Return the first line of the listing below and all the lines after it through the one containing "WITCH DECAPITATED HEAD", exactly, without pictures.

[Start of Attachment]

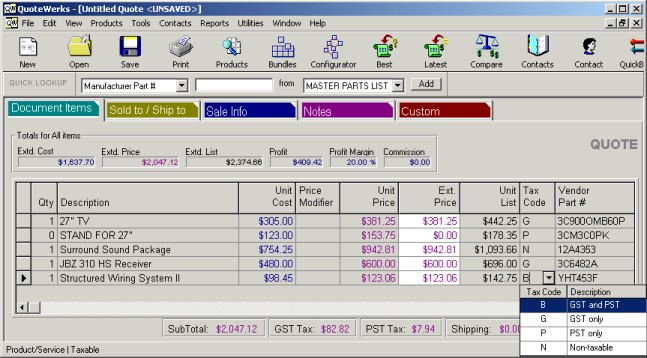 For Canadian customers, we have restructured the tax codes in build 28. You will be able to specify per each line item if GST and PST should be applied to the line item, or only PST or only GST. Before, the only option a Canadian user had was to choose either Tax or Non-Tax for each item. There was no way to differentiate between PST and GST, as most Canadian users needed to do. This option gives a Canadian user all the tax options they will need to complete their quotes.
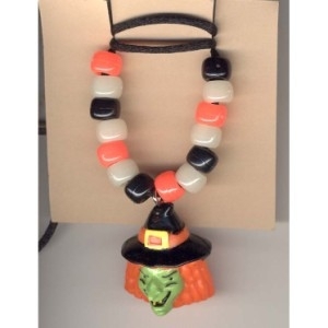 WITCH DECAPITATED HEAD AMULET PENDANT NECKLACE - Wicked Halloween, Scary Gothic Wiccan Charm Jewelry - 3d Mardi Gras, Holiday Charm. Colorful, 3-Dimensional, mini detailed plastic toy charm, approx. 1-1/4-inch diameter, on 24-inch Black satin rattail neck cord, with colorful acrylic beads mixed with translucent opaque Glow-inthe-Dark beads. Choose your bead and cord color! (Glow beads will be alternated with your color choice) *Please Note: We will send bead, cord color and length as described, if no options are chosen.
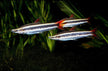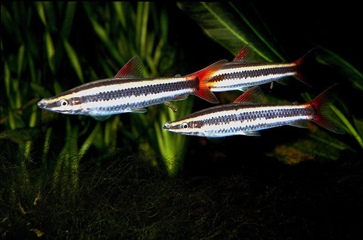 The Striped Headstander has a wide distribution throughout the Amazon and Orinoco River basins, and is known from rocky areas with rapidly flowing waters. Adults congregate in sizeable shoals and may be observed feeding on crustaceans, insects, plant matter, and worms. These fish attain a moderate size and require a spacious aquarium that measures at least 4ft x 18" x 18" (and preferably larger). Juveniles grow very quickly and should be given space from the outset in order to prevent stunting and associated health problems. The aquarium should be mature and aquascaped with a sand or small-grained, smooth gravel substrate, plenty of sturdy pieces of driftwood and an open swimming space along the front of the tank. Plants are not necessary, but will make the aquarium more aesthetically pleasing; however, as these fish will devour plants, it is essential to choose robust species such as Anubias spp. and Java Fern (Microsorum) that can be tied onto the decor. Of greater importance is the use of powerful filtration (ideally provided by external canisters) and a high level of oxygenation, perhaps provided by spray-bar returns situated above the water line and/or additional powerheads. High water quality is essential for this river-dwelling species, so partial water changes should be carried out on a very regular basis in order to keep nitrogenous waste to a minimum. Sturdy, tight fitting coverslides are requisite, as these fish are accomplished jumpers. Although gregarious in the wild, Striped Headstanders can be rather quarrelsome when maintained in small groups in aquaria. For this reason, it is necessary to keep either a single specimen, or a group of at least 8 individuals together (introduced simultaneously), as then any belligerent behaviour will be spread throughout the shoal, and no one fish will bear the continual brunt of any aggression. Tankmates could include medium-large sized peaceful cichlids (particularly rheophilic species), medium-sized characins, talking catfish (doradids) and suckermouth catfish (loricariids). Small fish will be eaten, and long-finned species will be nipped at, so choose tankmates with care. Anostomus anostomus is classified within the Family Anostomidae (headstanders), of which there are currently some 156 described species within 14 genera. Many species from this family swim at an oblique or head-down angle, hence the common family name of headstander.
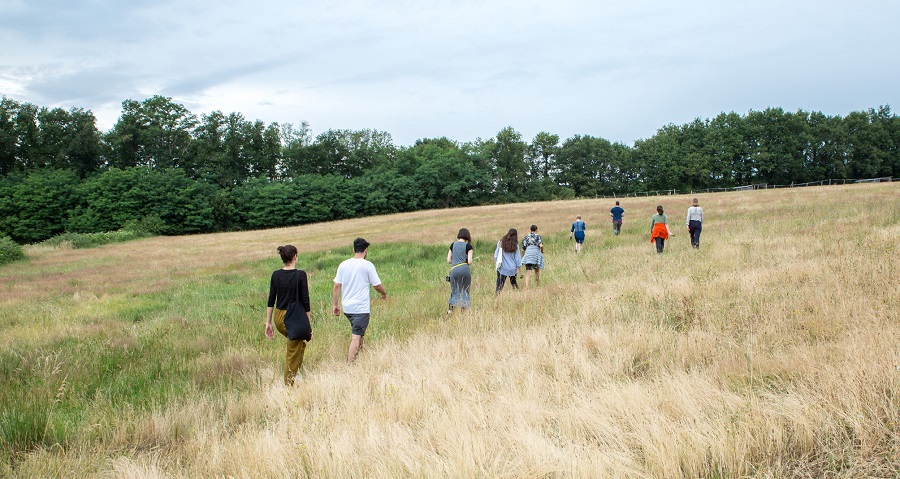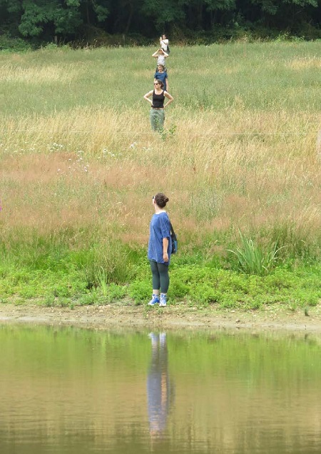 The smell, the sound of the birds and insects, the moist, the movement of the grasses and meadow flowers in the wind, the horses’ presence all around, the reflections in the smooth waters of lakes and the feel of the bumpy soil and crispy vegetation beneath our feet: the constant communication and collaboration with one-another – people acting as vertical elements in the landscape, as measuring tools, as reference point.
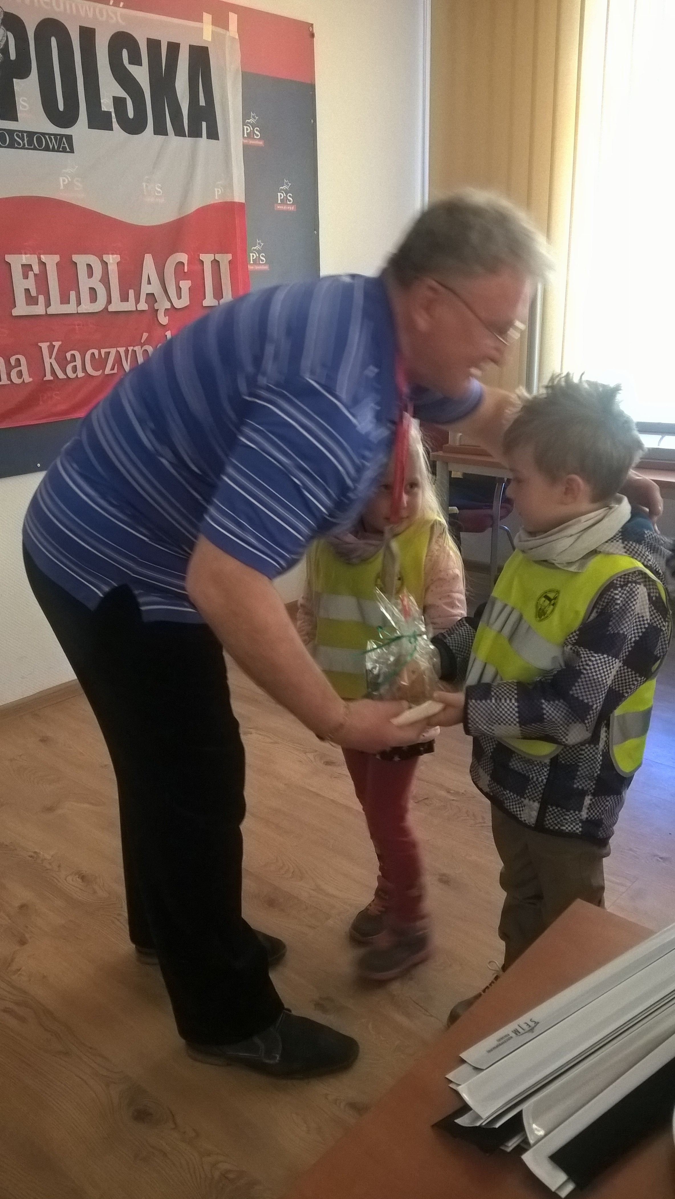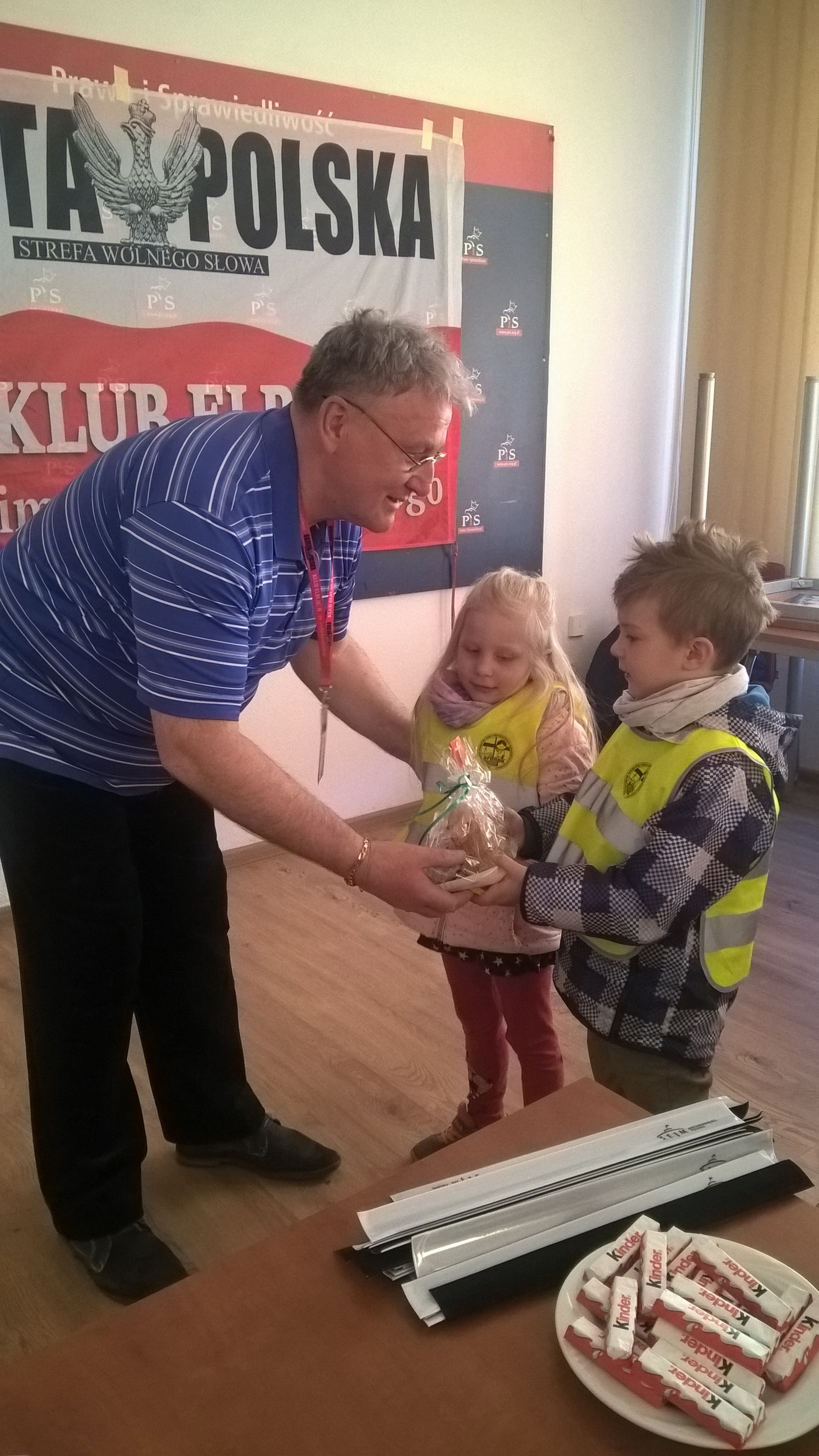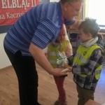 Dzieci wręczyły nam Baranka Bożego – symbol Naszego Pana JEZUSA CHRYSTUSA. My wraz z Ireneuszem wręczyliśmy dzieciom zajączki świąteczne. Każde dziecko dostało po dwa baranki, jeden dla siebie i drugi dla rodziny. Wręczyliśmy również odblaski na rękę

[End of Attachment]

- **COMPLETED EXERCISE**
 For Canadian customers, we have restructured the tax codes in build 28. You will be able to specify per each line item if GST and PST should be applied to the line item, or only PST or only GST. Before, the only option a Canadian user had was to choose either Tax or Non-Tax for each item. There was no way to differentiate between PST and GST, as most Canadian users needed to do. This option gives a Canadian user all the tax options they will need to complete their quotes.
 WITCH DECAPITATED HEAD AMULET PENDANT NECKLACE - Wicked Halloween, Scary Gothic Wiccan Charm Jewelry - 3d Mardi Gras, Holiday Charm. Colorful, 3-Dimensional, mini detailed plastic toy charm, approx. 1-1/4-inch diameter, on 24-inch Black satin rattail neck cord, with colorful acrylic beads mixed with translucent opaque Glow-inthe-Dark beads. Choose your bead and cord color! (Glow beads will be alternated with your color choice) *Please Note: We will send bead, cord color and length as described, if no options are chosen.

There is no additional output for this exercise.